News desk | ILLINOIS
CHAMPAIGN, Ill. – Graduate students of the School of Art and Design will present works of art that represent the culmination of their higher studies in an exhibition at the Krannert Art Museum.
The Master of Fine Arts exhibition at the School of Art and Design will feature the work of 13 MFA students in design for responsible innovation, industrial design and studio art – painting, sculpture and new media . The exhibit opens April 2 with a reception from 4-6 p.m. and runs through April 23.
This is the first in-person exposure for MFA students since 2019.
“There’s no substitute for being in the museum,” said Laurie Hogin, a studio art teacher and director of graduate studies in art and design who works with graduate student exhibitors. “The essential characteristics of so many of these works are material and related to scale, space, the architecture that frames them and the physical relationship with them in real time. Some aspects of material qualities can be inferred from digital images, but only have their full effect in person – the specifics of color, texture and gesture. And there is the social aspect of how viewers relate to the works and then to each other in their presence.
The MFA Expo website that was created during the pandemic will continue to provide virtual access to remote attendees and archive shows, Hogin said.
Nathan Grimes is a multidisciplinary artist and musician who uses painting and sculpture in both figurative and abstract ways. Her recent work is autobiographical, reconstructing her understanding of her identity and chaotic childhood.
Grimes created artwork for the exhibit using construction debris. He often resurfaces the debris by coating it with paint, adding texture and pattern, then sanding it down to reveal the layers he has accumulated underneath.

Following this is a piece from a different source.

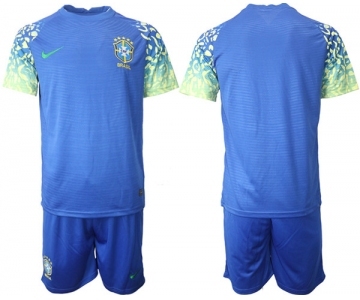 Men's Brazil Blank Blue Away Soccer Jersey Suit
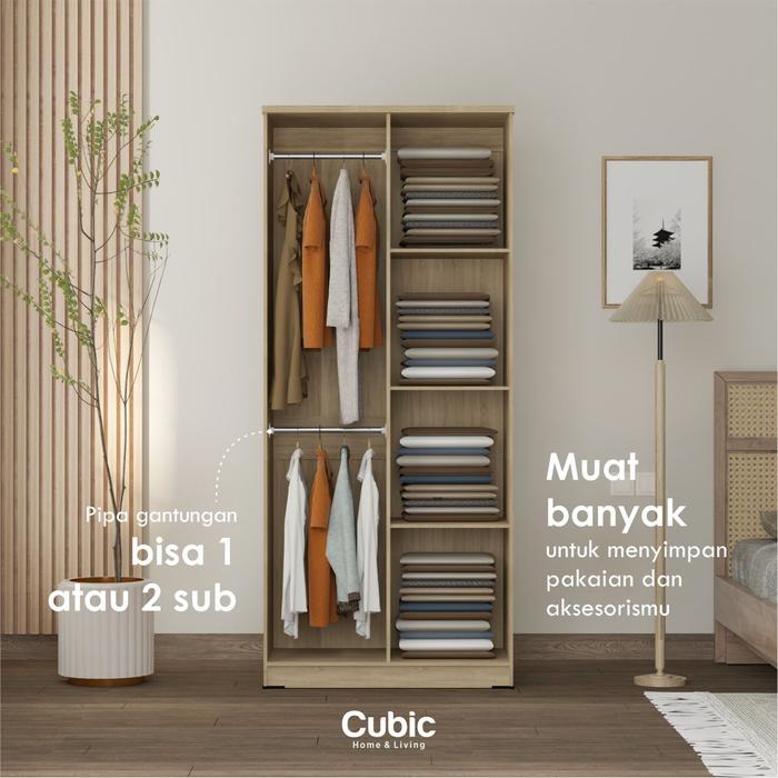 [PROMO] CUBIC LEMARI PAKAIAN MINIMALIS ALMARI BAJU 2 PINTU CERMIN LUNA LP 2P WHITESONOMA OAK

He painted or textured 34 fragments of varying sizes and attached them to an armature for “People Pleaser”. For another piece, he covered an abandoned cabinet door in a pattern, painted it, and hung it so it slanted against the gallery wall. Grimes attached books that have personal meaning to many of his artworks. His work is positioned at different heights on the gallery walls, representing his height as an adult and a 7-year-old child.
He said his artwork reflects the fragmented and abstract memories of those who have experienced trauma and attempts to create an emotional understanding of them. He said the message he communicates is, “Life breaks us. What do we do with our parts?
Katherine Hair’s sculptural work examines the impact of humans on animals, particularly through climate change.
“Using animals in storytelling is accessible to many different people,” Hair said. “It’s a really useful tool for talking about these difficult things that we’re going through, but sometimes we have a hard time starting conversations.”
One of his installations, “Turtle Derby; You Can’t Go Home Again,” is a group of box turtles cast in wax in molds created from turtle shells. The hair mixed the wax with dirt collected from places around the country that hold turtle derbies, where people race turtles they’ve caught. Each turtle shell includes soil from a specific site.
“The ritual of giving each earth wax turtle a home range seems important to me. Box turtles have very specific home ranges and strong site fidelity. hard to adapt,” Hair said.
She often uses coyotes in her works, and “Watershed” is a concrete coyote that appears to be trotting along the ceiling of the gallery, with a neon string dripping from its eyes as if crying. “We All Live Downstream,” installed in the garden in front of KAM, features coyotes gathered around a fountain.
Sydney Vize said she was drawn to sculpting because of the transformability of the silicone, foam and clay she uses. Her work reflects conflict in both pleasant and painful moments, and how these seemingly incompatible feelings can exist simultaneously.
“Mannequin Trio: A Male Mannequin Will Be the Death of Me” features three mannequins made from expanding foam that has a bubbling quality. “It’s these globes on the floor with silicone and beads embedded in the foam,” Vize said.
She was inspired to make them after researching how most dummies, CPR dummies and crash test dummies are modeled on male bodies, with actual effects on women, who are not as protected in the car accidents or which are not administered in public. emergencies as often as men, Vize said.
“Alone in the Elevator, Option 1” and “Alone in the Elevator, Option 2” are clay works with pieces of poured silicone that stand close together in one corner. One tapers away from the wall in two troughs, and the taller artwork bends at the top and then drops straight down to the floor. Vize said they represent being in an enclosed space that feels both comforting in its loneliness and also threatening.
Shuning Zheng is a jeweler who studies industrial design to learn about the product manufacturing process, including developing a prototype and designing with a computer.
She said jewelry making often focuses on decorative and cultural meanings, but consumers also expect practical function. She is interested in creating smart wearable products or practical accessories.
Her project, “TimeIt,” is for multitasking millennials who are struggling to manage their time, especially with the pandemic shifts in work habits and the increase in people working from home. It is a simple timer and clock function in the form of a watch or pocket watch that can also be worn as a pendant. Its simplicity is key, Zheng said, giving it the advantage of being less distracting than a phone or smartwatch with similar functions.
Through an app, the user can set their schedule for the day, and the timer indicates by vibrating when the set time for a task or break is over. The timer can be set for different intervals to use for the Pomodoro time management technique, which requires working for set intervals with short breaks and can help maintain focus and reduce distractions.